Conforme será demonstrado, a inconstitucionalidade da Lei Complementar n. 228, de 23 de maio de 1997, do Município de Jundiaí, manifesta-se em face dos seguintes preceitos da Constituição Estadual Paulista:
“Artigo 5º - São Poderes do Estado, independentes e harmônicos entre si, o Legislativo, o Executivo e o Judiciário.
§ 1º - É vedado a qualquer dos Poderes delegar atribuições.

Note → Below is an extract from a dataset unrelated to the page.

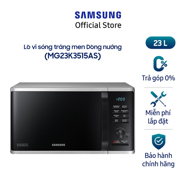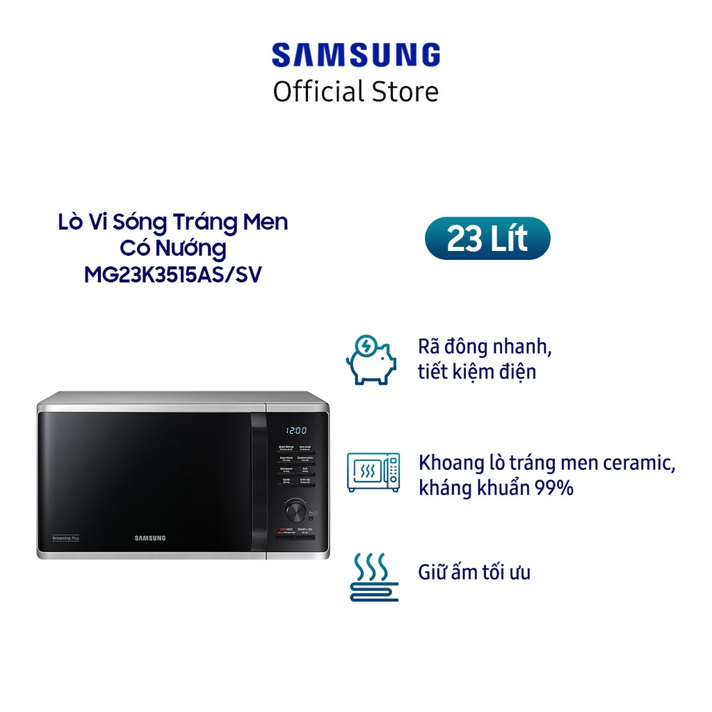 Thiết Bị Điện Gia Dụng > Đồ gia dụng nhà bếp > Lò vi sóng || [Mã ELSS500 giảm 10% đơn 500K] Lò Vi Sóng Tráng Men Có Nướng Samsung MG23K3515AS/SV(23 lít)Còn hàng

§ 2º - O cidadão, investido na função de um dos Poderes,
não poderá exercer a de outro, salvo as exceções previstas nesta Constituição.
(...)
Artigo 47 - Compete privativamente ao Governador, além de
outras atribuições previstas nesta Constituição:
(...)
II - exercer, com o auxílio dos Secretários de Estado, a direção
superior da administração estadual;
(...)
XI - iniciar o processo legislativo, na forma e nos casos
previstos nesta Constituição;
(...)
XIV - praticar os demais atos de administração, nos limites da
competência do Executivo;
(...)
Artigo 111 – A administração pública direta, indireta ou fundacional, de qualquer dos Poderes do Estado, obedecerá aos princípios de legalidade, impessoalidade, moralidade, publicidade, razoabilidade, finalidade, motivação, interesse público e eficiência.
(...)
Artigo 144 - Os Municípios, com autonomia política, legislativa, administrativa e financeira se auto-organizarão por lei orgânica, atendidos os princípios estabelecidos na Constituição Federal e nesta Constituição.
(...)
Artigo 180 - No estabelecimento de diretrizes e normas relativas ao desenvolvimento urbano, o Estado e os Municípios assegurarão:
I - o pleno desenvolvimento das funções sociais da cidade e a garantia do bem-estar de seus habitantes;
II - a participação das respectivas entidades comunitárias no estudo, encaminhamento e solução dos problemas, planos, programas e projetos que lhes sejam concernentes;
(...)
V - a observância das normas urbanísticas, de segurança, higiene e qualidade de vida;
(...)
Artigo 181 - Lei municipal estabelecerá, em conformidade com as diretrizes do plano diretor, normas sobre zoneamento, loteamento, parcelamento, uso e ocupação do solo, índices urbanísticos, proteção ambiental e demais limitações administrativas pertinentes.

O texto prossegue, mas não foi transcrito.